The decision is highly likely to mean that merchant fees on the British Airways, Starwood, Nectar, Costco and Harrods American Express cards must be capped at 0.3%.  American Express Gold, Platinum, Business Gold and Business Platinum will remain uncapped.

In effect, although this is not strictly how it works, the interchange fee is the fee charged to a retailer for accepting a payment card.

You can read the full Advocate General ruling here.

This is not binding on the High Court of Justice for England & Wales but – as it was they who asked the EU Advocate General for his opinion – it is almost certain to be accepted.

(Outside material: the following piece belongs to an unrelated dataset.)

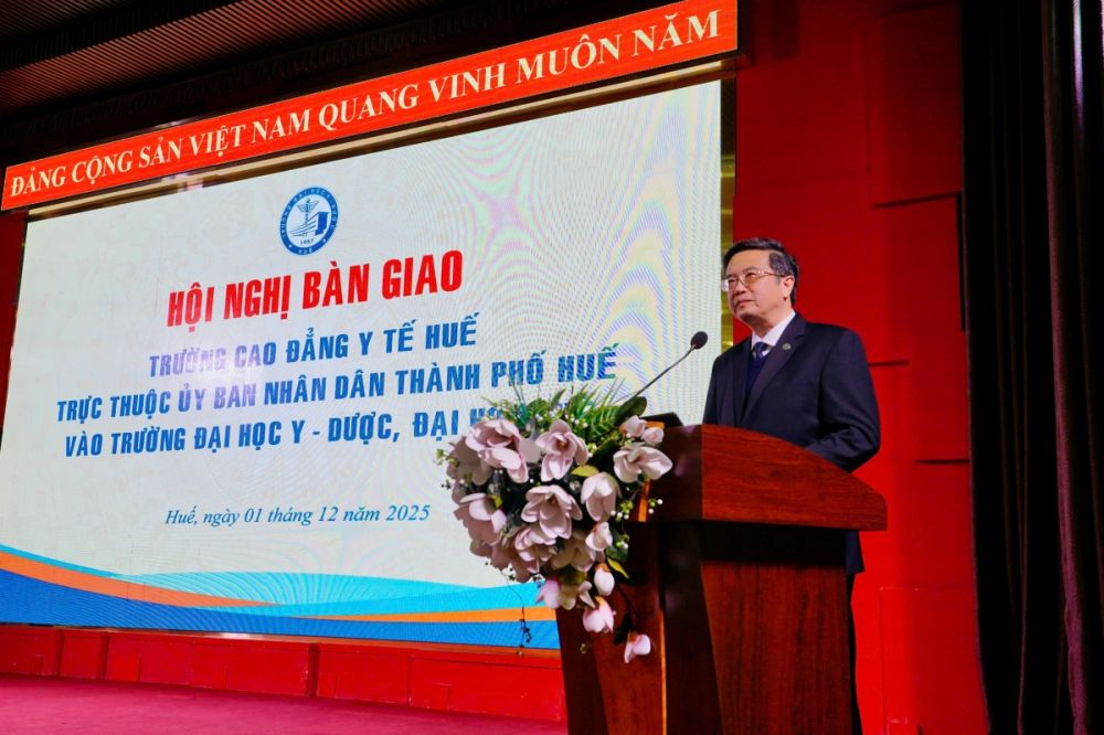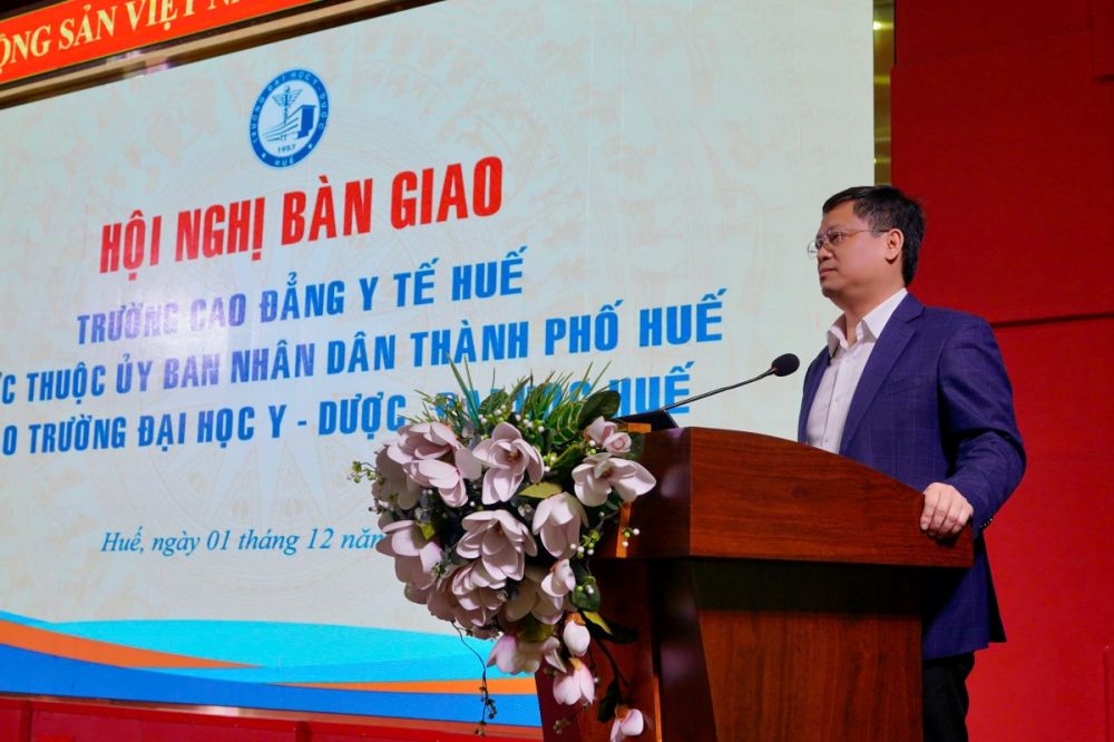 Đồng chí Nguyễn Thanh Bình - Uỷ viên Thường vụ Thành uỷ, Phó Chủ tịch Thường trực UBND thành phố Huế phát biểu chỉ đạo, nhấn mạnh tầm quan trọng của việc sắp xếp, nâng cao chất lượng đào tạo nhân lực y tế địa phương: “Việc bàn giao Trường Cao đẳng Y tế Huế về Trường Đại học Y - Dược, Đại học Huế không chỉ là sự chuyển giao về mặt tổ chức, mà còn là bước đi quan trọng nhằm thống nhất nguồn lực đào tạo y khoa trên địa bàn thành phố. Thành phố Huế tin tưởng rằng với kinh nghiệm, uy tín và hệ sinh thái giáo dục - nghiên cứu của Đại học Huế, Nhà trường sẽ tiếp tục phát triển, nâng cao chất lượng đào tạo, đáp ứng nhu cầu nguồn nhân lực y tế chất lượng cao trong bối cảnh mới”.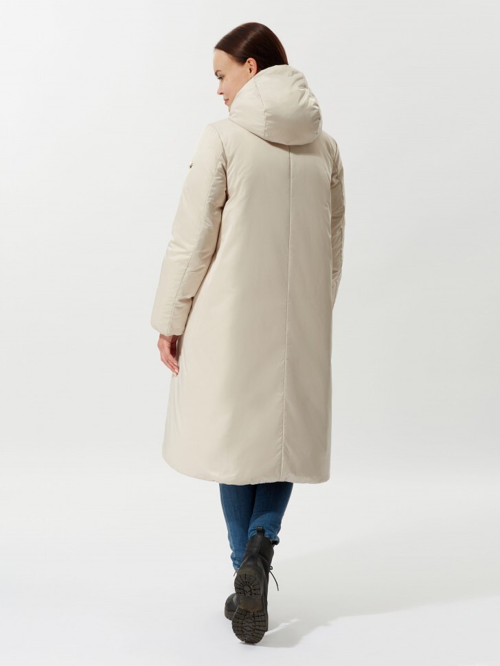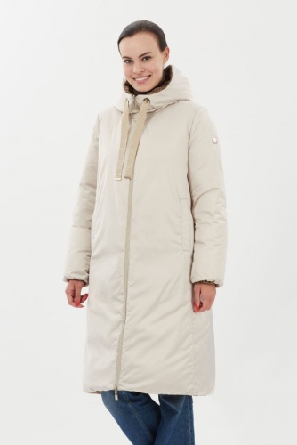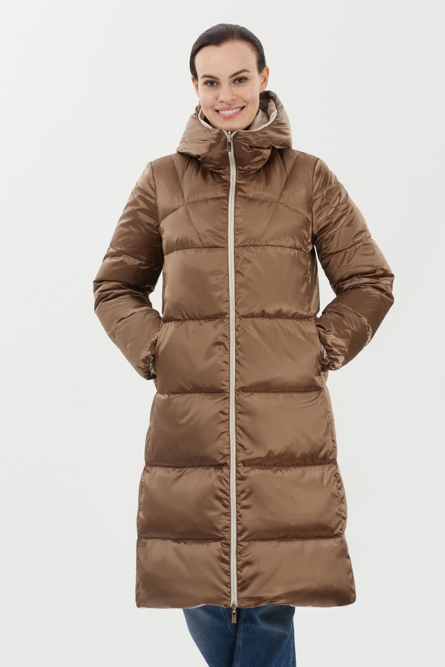 Пальто женское двустороннее прямого силуэта выполнено из водоотталкивающей ткани с матовым сатиновым покрытием. Застежка по борту на молнии, карманы листочки и на потайных молниях. Втачной капюшон с кулиской и декоративной тесьмой. Утеплитель: 90% натуральный пух, 10% перо.

It doesn’t take a genius to realise that the free British Airways American Express is a dead duck long term with 0.3% interchange fees, given that Amex will be paying BA something close to 1p per Avios for the points.  Interest income and interchange and FX fees from foreign usage are unlikely to fill the gap, especially with 2-4-1 vouchers to fund as well.

Given that the BA Amex cards have billings of over £1 billion per month, however, it is a problem that both BA and Amex will need to solve before the current contract expires.

British Airways BA American Express Amex credit cards

Background

Let’s step back a bit.

Last year, the EU capped the interchange fees charged by Visa and MasterCard at a maximum of 0.3% for personal credit cards.  Fees were previously 0.75% and above.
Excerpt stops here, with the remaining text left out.